The bigger signal is that companies far outside core AI circles are now publishing models that challenge established players on speed, cost, and capability in agent use cases. That momentum could reshape how enterprises think about where their AI stack comes from. It can also accelerate pressure on model makers to prove value in pragmatic, latency sensitive tasks rather than only in benchmark leaderboards.
Key Points
- Meituan released LongCat Flash Chat, an open source Mixture of Experts model with 560 billion total parameters, on GitHub and Hugging Face in early September 2025.
- The model activates 18.6 billion to 31.3 billion parameters per token on average, which lowers compute cost while keeping a large total capacity.
- Benchmarks in the technical report claim performance on par with DeepSeek V3.1, Alibaba Cloud’s Qwen3, Moonshot AI’s Kimi K2, and strong standing versus Claude Sonnet and Gemini 2.5 Flash.
- Meituan positions the system as a nonthinking foundation model focused on speed, instruction following, tool use, and agent workflows rather than deep reasoning.
- Engineering features include Zero Computation Experts, a PID controller for expert bias, shortcut connected MoE design, and a 128k token context window.
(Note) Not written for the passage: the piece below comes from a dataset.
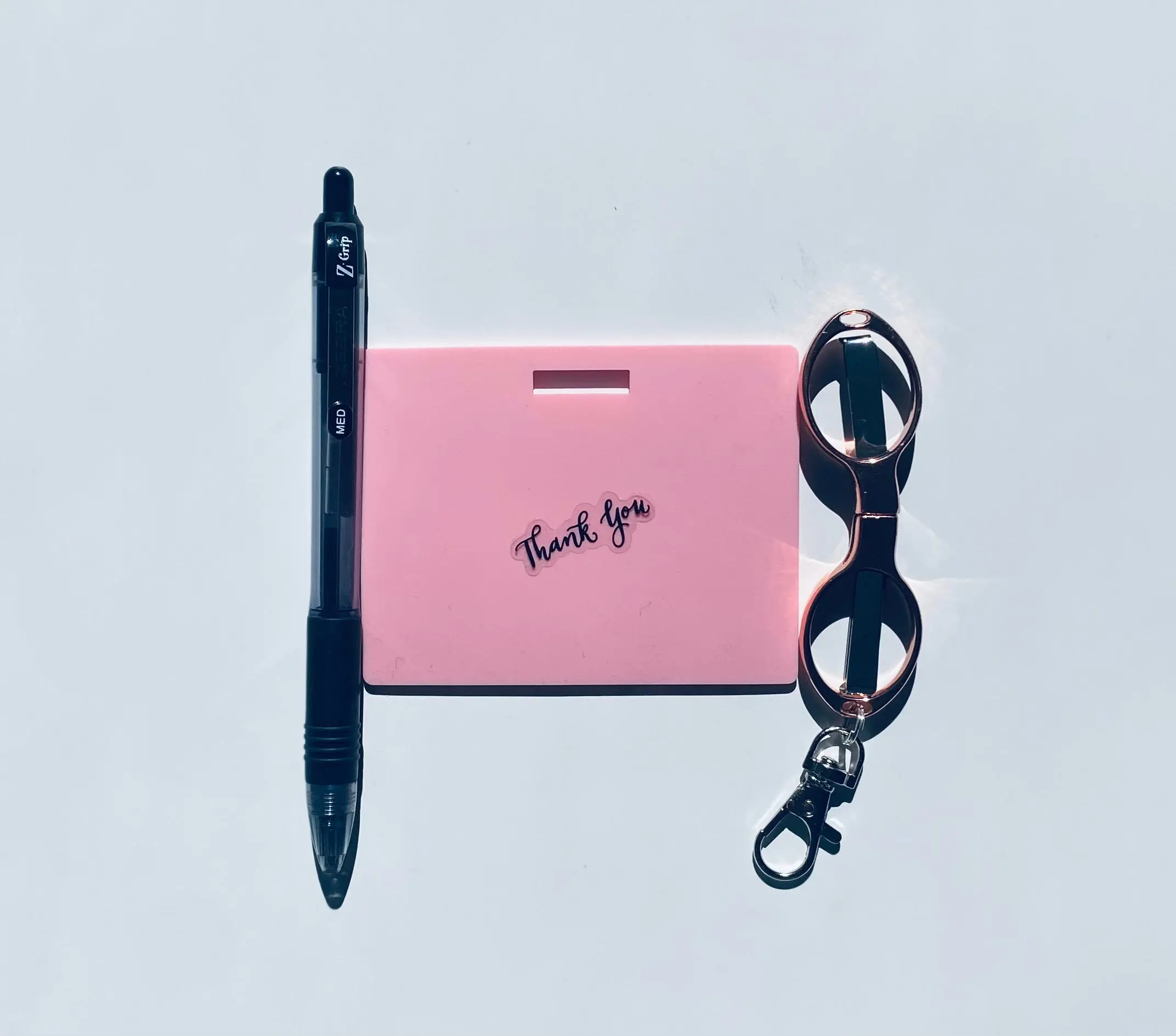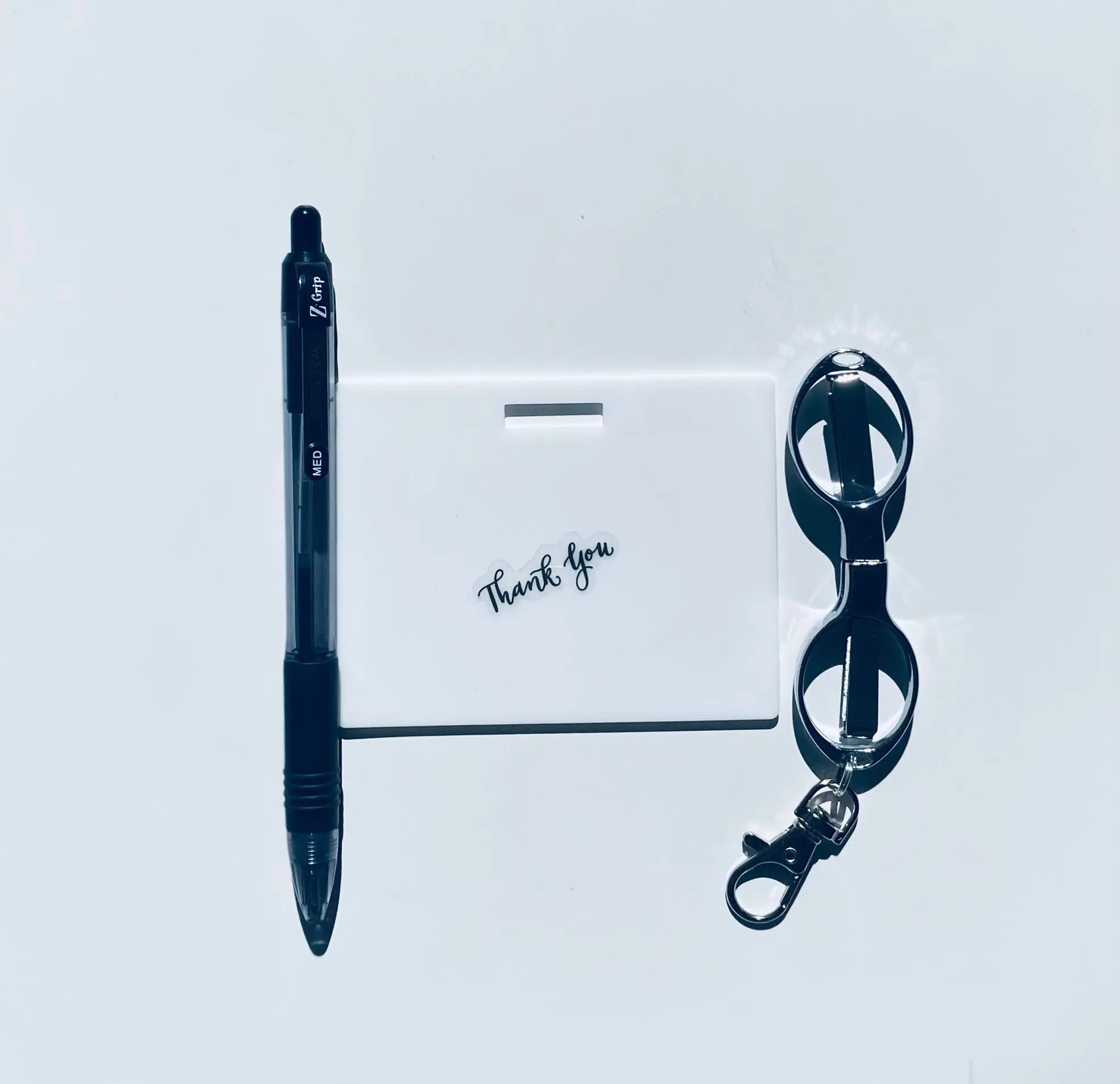 This practical badge note bundle pairs a horizontal design with a reliable Zebra Z-Grip ballpoint pen (black ink) and compact folded scissors—ideal for healthcare professionals, educators, and office environments. The reusable surface accepts standard ballpoint ink and wipes clean with an alcohol pad for repeated use. Note that gel and certain smooth ballpoint formulations may leave residual marks; we recommend testing your preferred pen before regular use to ensure optimal performance and appearance.
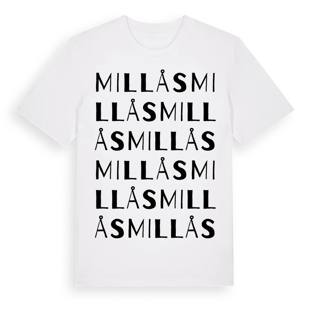 Millås ordlek t-shirt är inspirerad av Millås i Jönköpings län, Sverige. Tröjan är designad för dig som har en speciell koppling till platsen – oavsett om du bor här, har rötterna här eller bara älskar Millås.

- Technical notes cite more than 100 tokens per second on H800 hardware and an output cost near 5 yuan per million tokens under specific conditions.
- The code and weights are under the MIT License, with deployment guidance for vLLM and SGLang.
- The launch follows Meituan’s 2023 purchase of Light Year and supports a broader three tier AI strategy across work tools, products, and core models.
- TipRanks reported a share price decline after the announcement, showing that investor sentiment may depend on real world adoption and cost savings.
- The release adds to a wave of open source model activity in China that is closing gaps with Western peers and focusing on fast agent use cases.